BYTE Magazine > Mr. Computer Language Person > 2001 > November

The Ch Language Environment

(The Ch Language Environment:  Page 1 of 1 )

Long-time readers of this column know that I was educated as a particle physicist and eventually drifted into computer programming. Being a particle physicist gave me a lot of exposure to numerical analysis and computer graphics, which has stuck with me. In the last few years, while most of us were paying more attention to C++, Java, JavaScript, Perl, and Python, the ANSI/ISO C Standard Committee was continuing to evolve the C language. The result, C99, has a number of extensions over both K&R; C and C90 for numerical programming, including IEEE floating-point arithmetic, complex numbers, and variable-length arrays.

Ch is an interpreter and shell environment for a superset of C99, produced by SoftIntegration under the leadership of Harry Cheng, an Engineering professor at UC Davis, and a member of the ANSI/ISO C Standard Committee. (An article by Harry about C99 will appear in an upcoming issue of Dr. Dobb's Journal.) Ch pretty much implements all of C99 (or at least more than any other extant compiler or interpreter) plus C++ classes in its Standard edition, priced at $159-$399 depending on platform. In its Professional edition ($899-$1499) it goes on to include sophisticated plotting and serious numerical programming libraries. The Enterprise edition ($1699-$2495) adds CGI and multiuser capabilities. Ch is available for Windows, Linux, Solaris, and HP-UX. Academic and student licenses are priced well below the ranges mentioned above.

First Impressions and Comparisons

If you already know C/C++, you'll find Ch a congenial development environment — the fact that it's an interpreter and has a big library make a lot of things very simple. Ch also seems like it would be fabulous for beginning C/C++ programmers to use as a learning environment. As a shell-programming environment, I can see using it, with some reservations. On Windows in particular, I'm not sure whether I like Ch as well as the Hamilton C Shell or the MKS Toolkit, mostly because those packages have extensive collections of UNIX-like utilities, and more amenities in their shells than Ch currently sports.

Ch reminds me most of two other products: the old Instant-C environment, and MATLAB. Instant-C, for those of you who don't remember it, was a very slick, high-performance C programming environment that sported an incremental compiler and used one of the first DOS extenders, DOS/16M. It was a product of Rational Systems, now Tenberry Software. I often regretted having to give up Instant-C when I started doing Windows programming — it was a great development environment, especially when you were debugging. Ch isn't quite at Instant-C's level for debugging, however, at least in this release.

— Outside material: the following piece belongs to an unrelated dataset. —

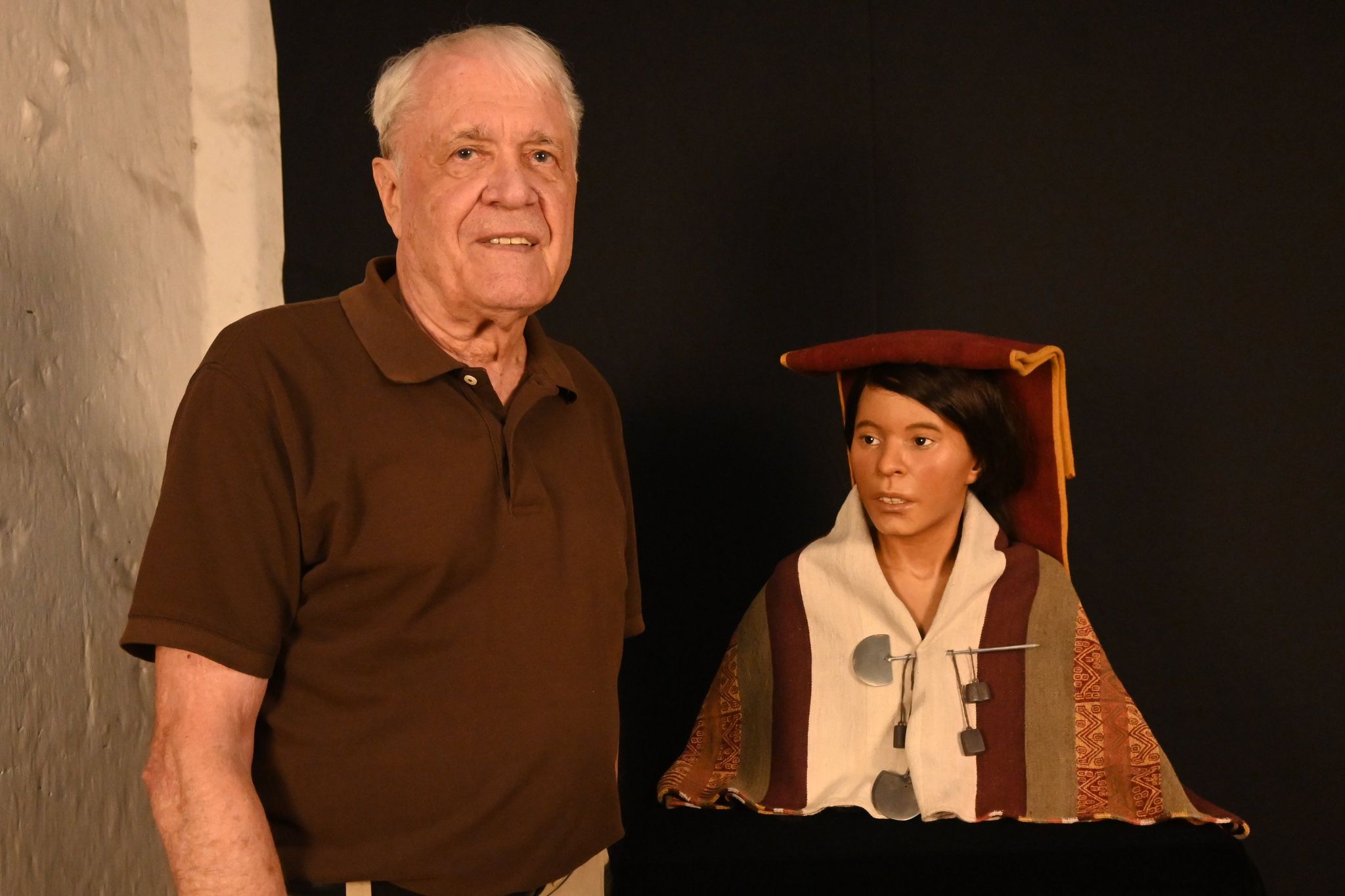 28年前發現木乃伊的萊因哈特,與胡安妮塔的半身像合照。

MATLAB, a product of The Mathworks, "integrates mathematical computing, visualization, and a powerful language to provide a flexible environment for technical computing." The Professional edition of Ch has facilities that are competitive with MATLAB's, and the Ch manual includes a table that helps translate most MATLAB functions to Ch. For example, the MATLAB function to perform a Cholesky decomposition of a matrix, A=chol(A1), can be expressed in Ch as choldecomp(A1,A).

Performance and Safety

Although you wouldn't think so, it's very hard to measure the performance of an interpreted programming environment in a meaningful way, especially when it can take advantage of compiled code when needed, as Ch can. What I can say about the performance of Ch is that it feels OK for the most part, even on my old 400-MHz Pentium II. Yes, I can certainly make Ch slow down by writing interpreted code with tight inner loops, but I can also write very fast matrix operations easily, by using the built-in numerical library functions.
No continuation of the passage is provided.